# Advice for coyotes, don't hang out @ the rifle range.



## Huge29 (Sep 17, 2007)

I was at the Bountiful Lions Club rifle range when a yote walks right through the backstop of the range. The rangemaster gave the go to the guy shooting...of all calibers a .416 350 grain solid bullet. I thought end of story as he collapsed. We couldn't find him back there, not like you want to be going all over looking with bullets whizzing over your head. Apparently, he trotted off w/o so much as a limp as we went looking for him. So, if a 350 grain can't put one down, obviously a solid bullet is not optimal, I can certainly better understand some of the issue with teh 204 and other caliblers that have created issues. I don't know where he was hit, but when I hit a fox with my 7 mag from 55 yards, there was not so much as a flinch


----------



## Al Hansen (Sep 7, 2007)

Ahhhhhhh. Bullet placement is always the key. :roll: :O•-:


----------



## MadHunter (Nov 17, 2009)

Could it be that a coyote's tissue is too soft for a solid to make any kind of considerable damage. If the placement was not right you may have gottena through-and-through shot and the coyote ran for dear life. Keep in mind that these bullets are made for very hard skined and boned animals. The resistance of these hard tissues towards the bullet is what creates damage and brings them down.

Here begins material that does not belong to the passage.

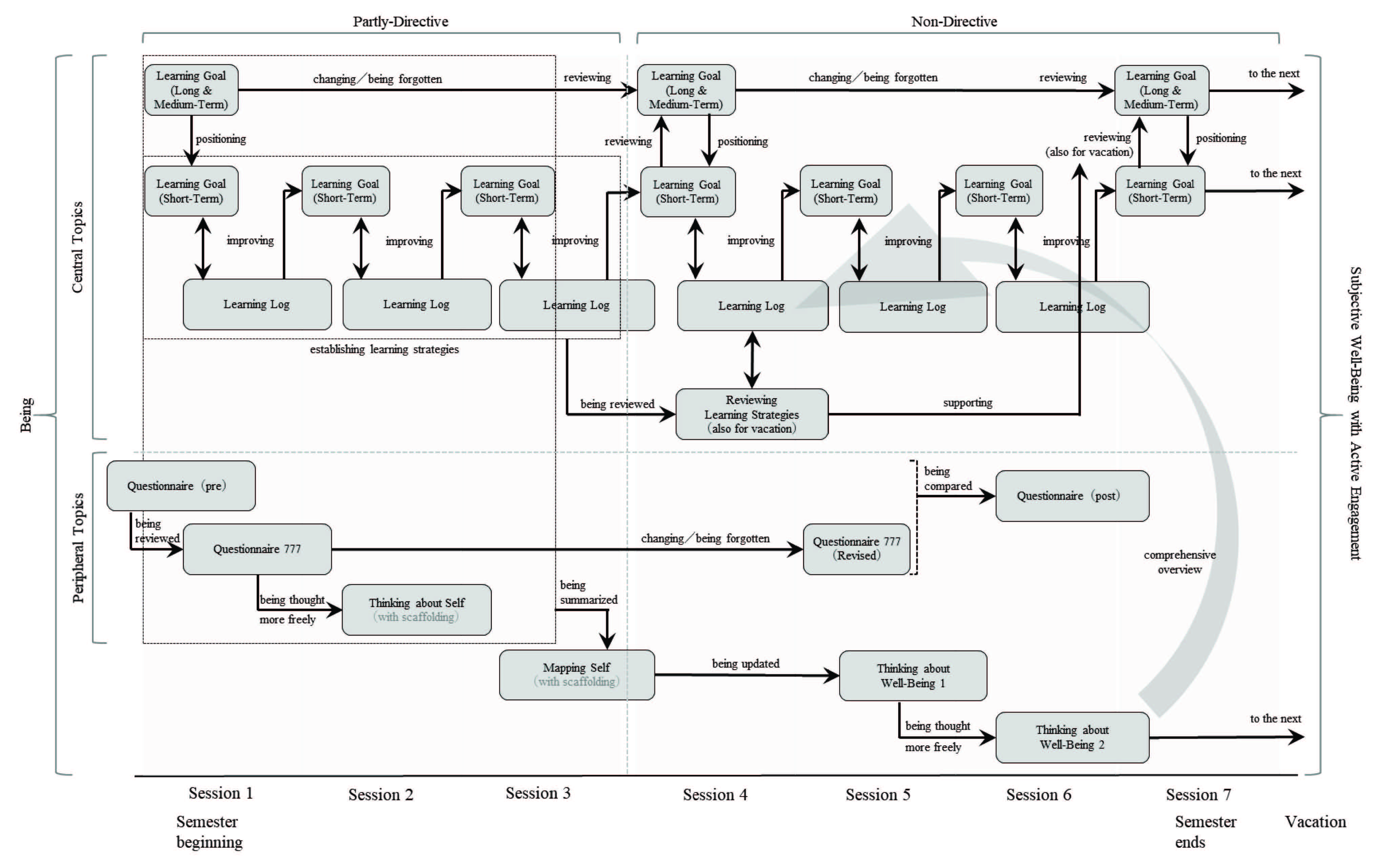 The semi-structured program was devised to lead learners from their current level of being to an ideal future goal represented by the concept of subjective well-being with active engagement (see both the left and right ends of Figure 1). This was conceptualized by Yasuda (2020), who considered important psychological and philosophical findings.

Just a thought, interesting scenario though.


----------



## swbuckmaster (Sep 14, 2007)

Ya if it wad hit the bullet went straight through. Probably still killed it though. 

I had a coyote walk in front of me one year on the shooting range by big cottonwood canyon. I was sighting in. 17 hmr and ut was dead on. The coyote took one in the chest and wad knocked to the ground. It got back up and took off. 
Proper bullet is the key . Over or under proper caliber and your asking for trouble!


----------